🤖 AI Summary
Existing Open-Ended Deep Research (OEDR) agents often suffer from insufficient exploration during long-horizon knowledge integration due to information loss or reliance on implicit outline-based reasoning. This work proposes DualGraph, a novel memory architecture that decouples knowledge exploration from writing structure for the first time by jointly maintaining an Outline Graph and a Knowledge Graph. This design explicitly models knowledge relationships and gaps, enabling goal-directed, iterative exploration and report generation. Integrating topological analysis, structural signals, and LLM-driven query generation, DualGraph significantly outperforms current methods on benchmarks such as DeepResearch Bench, yielding reports with markedly improved depth, breadth, and factual accuracy—achieving a RACE score of 53.08 under GPT-5 evaluation.
📝 Abstract
Open-Ended Deep Research (OEDR) pushes LLM agents beyond short-form QA toward long-horizon workflows that iteratively search, connect, and synthesize evidence into structured reports. However, existing OEDR agents largely follow either linear ``search-then-generate''accumulation or outline-centric planning.
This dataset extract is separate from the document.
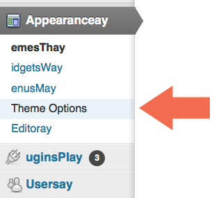 Here, our theme has created a custom Theme Options screen but the Pig Latin plugin did not convert the text in the admin menu. This is because our theme has not prepared this string for translation. Basically if strings are not converted to pig latin it’s an indication that you should prepare the string to be translated.

The former suffers from lost-in-the-middle failures as evidence grows, while the latter relies on the LLM to implicitly infer knowledge gaps from the outline alone, providing weak supervision for identifying missing relations and triggering targeted exploration. We present DualGraph memory, an architecture that separates what the agent knows from how it writes. DualGraph maintains two co-evolving graphs: an Outline Graph (OG), and a Knowledge Graph (KG), a semantic memory that stores fine-grained knowledge units, including core entities, concepts, and their relations. By analyzing the KG topology together with structural signals from the OG, DualGraph generates targeted search queries, enabling more efficient and comprehensive iterative knowledge-driven exploration and refinement. Across DeepResearch Bench, DeepResearchGym, and DeepConsult, DualGraph consistently outperforms state-of-the-art baselines in report depth, breadth, and factual grounding; for example, it reaches a 53.08 RACE score on DeepResearch Bench with GPT-5. Moreover, ablation studies confirm the central role of the dual-graph design.